Things to avoid or limit
Added sugars, high carb foods, salt, preservatives or additives, processed foods containing some or all of the above, such as most microwave meals. Most people don't pay much attention to nutritional content or ingredients, but if you want to eat healthy then it's a skill you will learn to pick up. Check the sodium on some of them!
I won't go into great detail on these things but they have been attributed to weight gain, high blood pressure, inflammation and heart disease. Opt for reduced sugar and/or sodium whenever you can.
(I enjoy reduced sodium bacon on occasion)
Did you know that after the age of 30 you lose about 3 to 5 percent of your muscle mass each decade? That's a lot of lost muscle. Where does it all go? It's a normal part of the ageing process (Sarcopenia), but it doesn't have to be. So even though you may already be thin, you're not getting any stronger (actually the opposite) unless you are actively doing something to fight that aging effect.
Less muscle mass means less strength and mobility, which may lead to injury or worse. Our bodies consume more calories when we have more muscle, so it makes sense to try to retain as much of that muscle as possible. Exercise will also help with bone health which is also lost as we age. Bone is a living tissue that responds to exercise and can become stronger with training.

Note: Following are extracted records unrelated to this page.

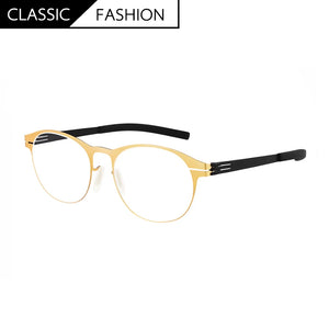 Retro Round Screwless Glasses Frame Handmade Men Vintage Optical Prescription Eyeglasses Business Women Spectacles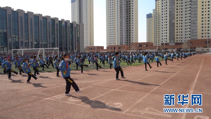 22日,蘭州新區(qū)第二小學(xué)學(xué)生們?cè)诓賵?chǎng)上做課間操。新華社記者 王紫軒 攝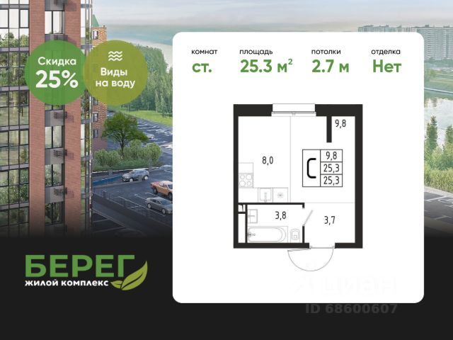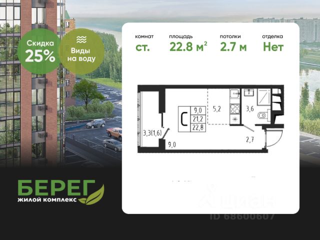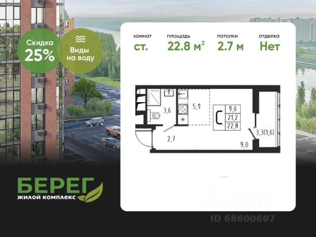БЕЗ ПЕРВОНАЧАЛЬНОГО ВЗНОСА! Прямая продажа от застройщика! Жилой Комплекс класса Комфорт. Продаётся квартира-студия номер 264 общей площадью 21.7 кв.м. на 2-м этаже 6 этажного здания. Предчистовая отделка. Цена с учётом скидки. Особенности квартиры: - Организуем показ в удобное для вас время! - Линейная планировка - максимальная функциональность и удобство. - Увеличенное количество окон - дополнительное освещение и свежий воздух. - Гардеробная - удобство для хранения и организации вещей. Квартира с предчистовой отделкой. Вам не придется заниматься черновыми и трудоёмкими работы, а чистовую отделку и дизайн - сделайте на свой вкус. Информация о комплексе: "1-й Химкинский": гармония современного города и природы на 102 га у Химкинского леса и канала им. Москвы. Развитая инфраструктура: ТЦ, школы, спорткомплекс с термами и СПА, парк развлечений. Идеальный баланс для жизни в окружении зелени и городского комфорта. Транспортная доступность: ЖК "1-й Химкинский" дает возможность выбрать любой способ передвижения как до города, так и до самых разных объектов, которые могут представлять интерес для его жителей. Не важно, какой способ передвижения вы предпочитаете, успевать всегда и везде можно вне зависимости от выбора транспорта. - 8 мин. пешком (800 м) до остановки "Золотая Арка" -10 мин пешком (1 км) до остановки "Поворот на Ивакино" Внутренняя инфраструктура: Безопасность: закрытые дворы без машин, безбарьерная среда, сквозные подъезды, камеры на детских площадках с трансляцией на смартфон. Отдых: семейный парк развлечений, двухэтажный ТЦ 8 000 м² с фудкортом. Образование: 4 детских сада, 2 муниципальные школы. Спорт: закольцованный веломаршрут, спорткомплекс с термами, тренажерный зал, воркаут зоны. Инфраструктура: поликлиника со станцией скорой помощи, пожарное депо. Паркинг: подземный паркинг, кладовые на -1 этаже, СТО и автомойка на территории. Квартира с предчистовой отделкой - ваш дизайн без черновых работ Продам квартиру-студию в микрорайоне Клязьма-Старбеево в городе Химки.

Cardiovascular fitness such as jogging, swimming, playing sports, even just walking is always important and good at any age, but the type of fitness I am going to talk about is strength training. Strength training or resistance training is causing your muscles to work beyond their normal every day means. Lifting weights or 'pumping iron' is the general term for this type of training. There are many different ways to strength train and many different types of equipment you can use, even your own body weight (calisthenics). You don't have to have an expensive gym membership or a ton of dumbbells to effectively strength train, although those are two viable options.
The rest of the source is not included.